7 Ağustos 2011 Pazar

Antiochia

Bir gün Asmalı'da bir restorana gittik, hayatım değişti. Şaka şaka tabi bu dediğim ama Antiochia hayatıma öyle bir girdi ki...

Galata'dan Asmalı'ya doğru yol aldığımızda ayaklarımız bizi hep aynı yere götürdü. Dükkana gelip, buralarda nerde ne yesek diye soranlara tavsiye edildi. Mano furyasından sonra, kendisini tanımayanlar ile onu tanıştırmak ise hep en keyiflisiydi...

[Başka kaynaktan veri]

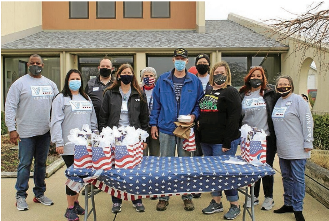
VNA Hospice of Northwest Indiana recruits veterans to work with patients.
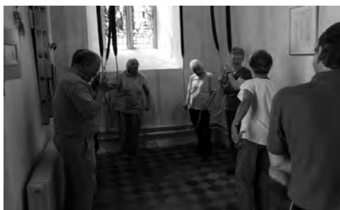
The Method winning Scratch team from Kersey
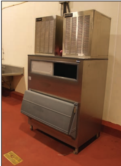
ICE-O-MATIC ICE MACHINE
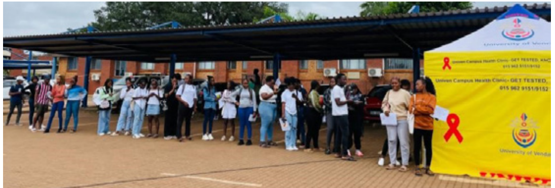
Students on the que for HIV Testing Services by Campus Health, ANOVA and PAPSWA
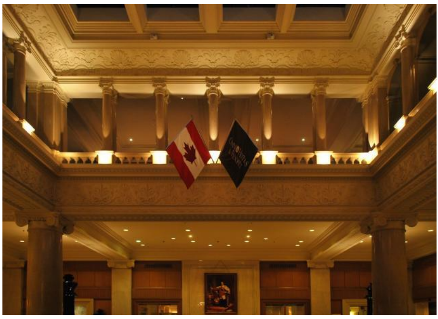
The hotel's lobby atrium

As of 2013, Omni Hotels and Resorts now manages the grand dame . They immediately started renovations of the 301 guest rooms, 22,000 square feet of meeting spaces and other common areas, completing the project this past June.
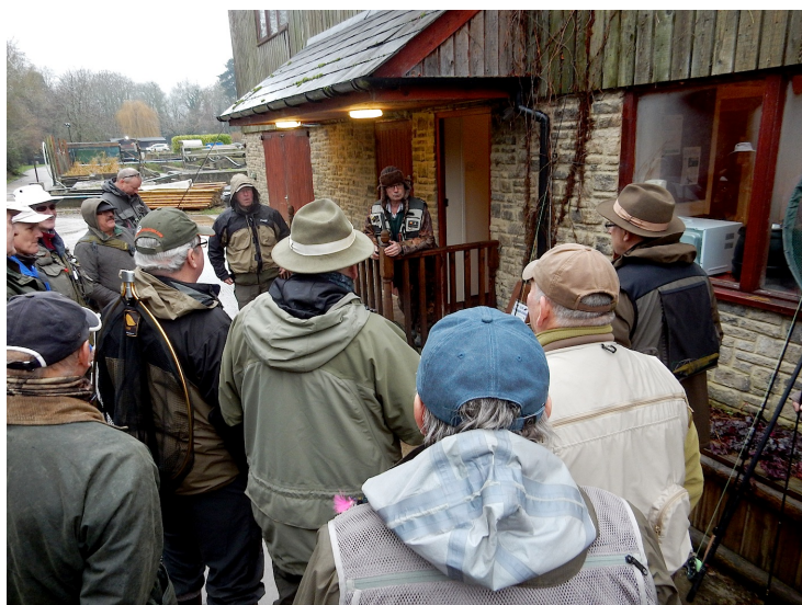
HON SEC GIVING THE BRIEFING

LECHLADE & OUR AGM Sat 12 th December 2015
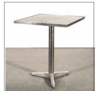
Aluminium table EUR 21.00 (square) Code 025.010.020.000 (60x60x68 cm)
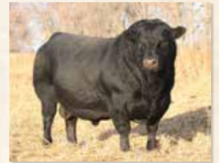
SIRE MC CUMBER BIG TIME 7188
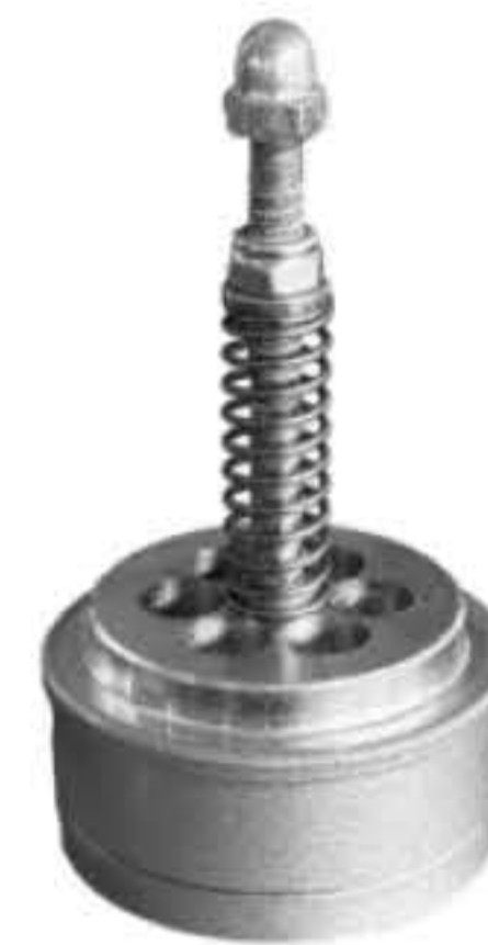
PRV Pressure relief valve installed
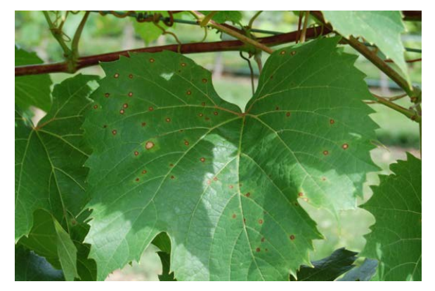
Figure 13: Black rot appears early in the season on Petite Pearl, damaging the first two to three fully expanded leaves on shoots.
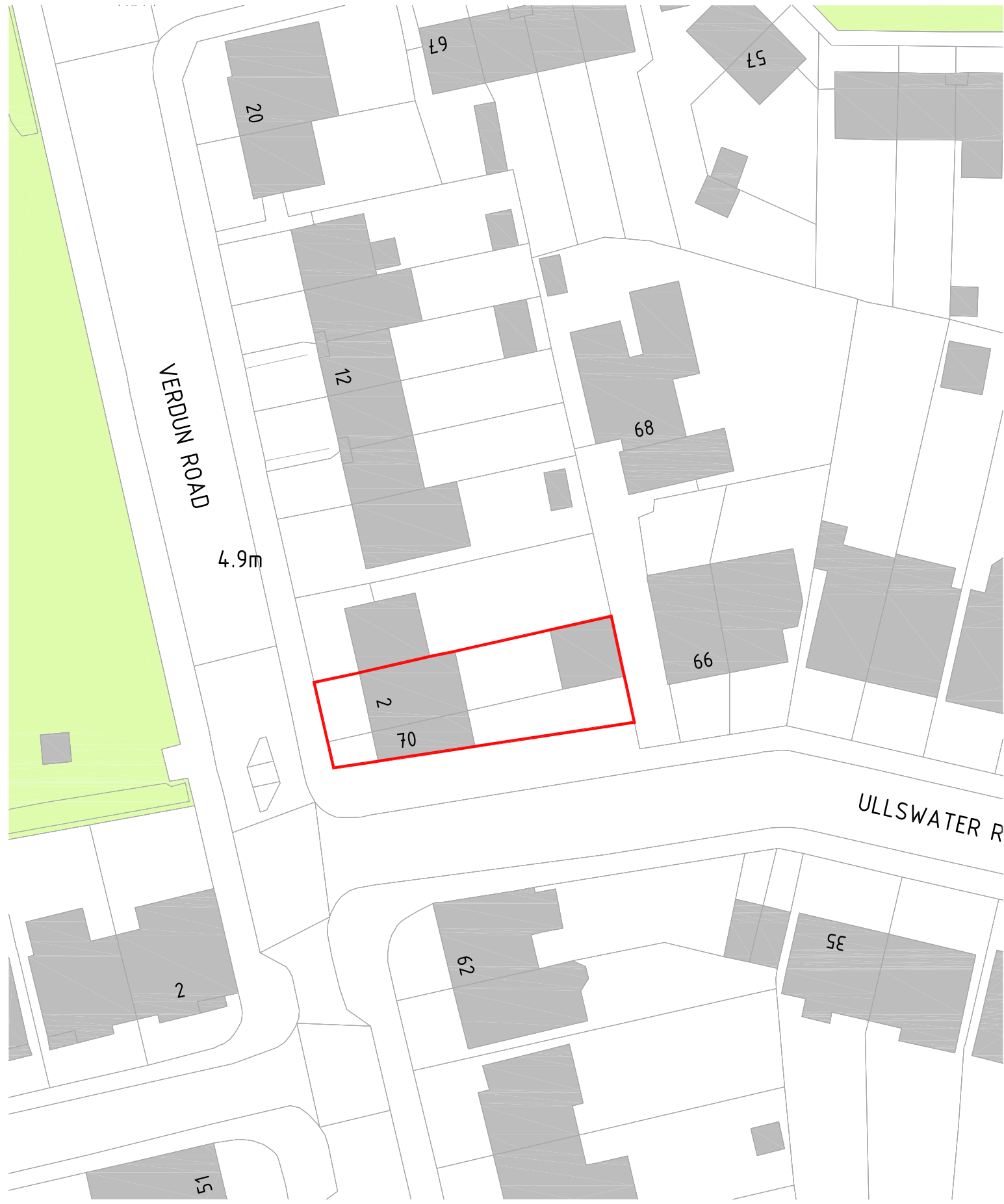
BLOCK PLAN scale 1:500
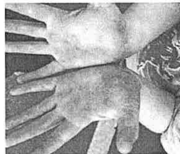
PlayItSafeAromas.org (CA). The black residue on a child's hands after playing on a TDP playground. https://benitolink.com/rubber-tire-mulch-removal-playgrounds-school-board-agenda .

In the absence of conclusive scientific research, a number of investigations identifying the presence of lead and other toxins in TDP have led to child safety concerns about such products. 15 After playing on crumb rubber and other TDP surfaces, some children have left with blackened hands and faces. 16 TDP has also been suspected of causing other health issues, including cancer. 17 As a result of these and other concerns, school districts and other agencies around the country have begun limiting or banning the use of crumb rubber and other TDP in fields and playgrounds. 18
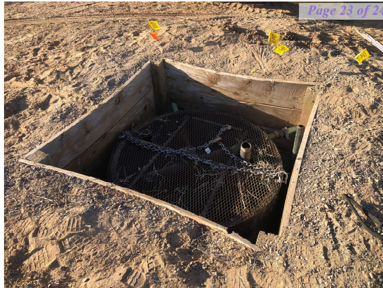
Tank B prior to removal
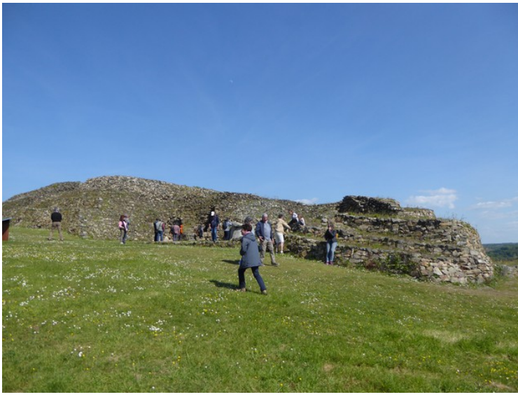
There were more than us two there.
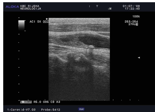
Fig. 2. Radiation-induced occlusion of internal carotid artery.
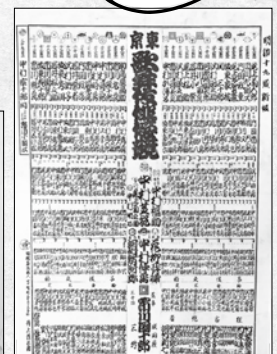
A few mitate banzuke
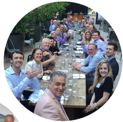
NSAC and CPSC Joint Board Legislative Reception and Dinner, 2016
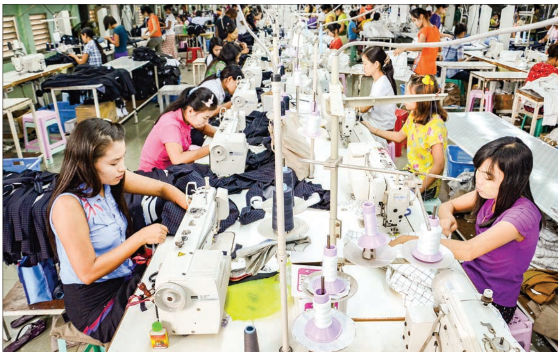
A file photo shows workers seen on a production line at a garment factory in Hlinethaya.
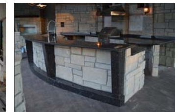
Countertop/Furniture Pool House Outdoor Area Lee's Summit, MO

City of Kansas City, MO George J. Shaw Construction Talon Concrete & Aggregates Whiting-Turner Contracting Co. RNL HDR Kansas City Testing & Engineering
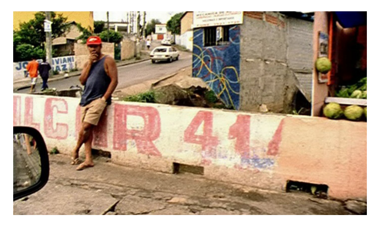
Figure 3: A musical interlude as document in The trespasser

"difficult daily life" (Figure 3). At this point, thanks to the jump cuts, the favela appears as a natural continuation of the noble quarters of the city. The breaking of geographic boundaries caused by the brusque cuts results in striking and entirely recognisable evidence of the state of aesthetic communion among Brazilian urban social classes, despite the enormous economic gulf between them. The way that real life interweaves with fiction here, through a typically intermedial procedure combining film and music, was shockingly enhanced by the fact that Sabotage, the great revelation in the cast of The trespasser , was murdered soon after the opening of the film as a result of an ongoing gang war similar to those described in his songs.
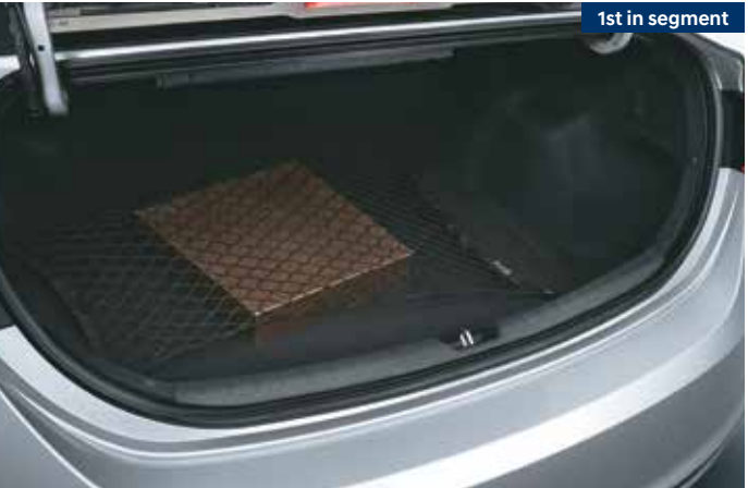
Luggage hook & net
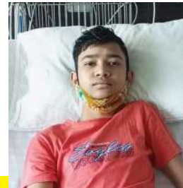
Swagat 13 Years Leukaemia
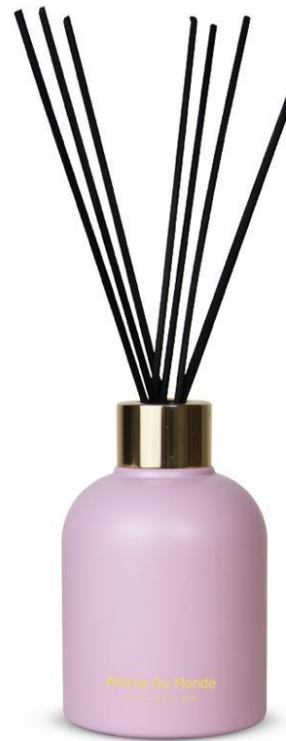
ODMF20-071661 With 150ml oil
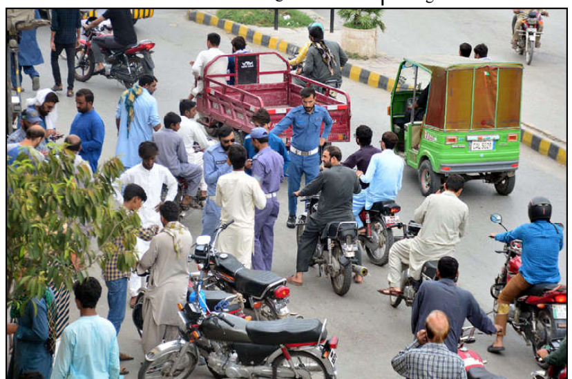
ISLAMABAD: Traffic wardens are issuing challan to motorcyclists against riding motorcycle without helmets at Raja Bazaar area in the city.

On December 17, 2012, the UN designated September 5 as the International Day of Charity, which was first celebrated in 2013.

Mütevazi menüsü kısa ve net! Restoranda sunulan Antakya'nın birbirinden değişik mezeleri de, Antakya'dan getirilen ve şiş ya da dürüm şeklinde sunulan özel etleri de acayip lezzetli. Yalnız leziz oldukları kadar acılar... Mezesinden etine, (acıyı bastırmak için iki lokma ekmek yiyeyim diyeceklere) ekmeğine kadar acı. Sokağa dökülmüş masalarında rakı sofrası keyfi garsonların ilgi alakasıyla, üstüne yağ sıçrasa, Süleyman Abi'nin bu duruma bile el atmasıyla Antiochia'nın gönlümde, gönlümüzde! yeri ayrı. Sokaktaki masaları olmadan kendisi neye dönüşür bilmem ama biz yine gideriz, muammara ve humus eşliğinde şiş etimizi yeriz gibime geliyor.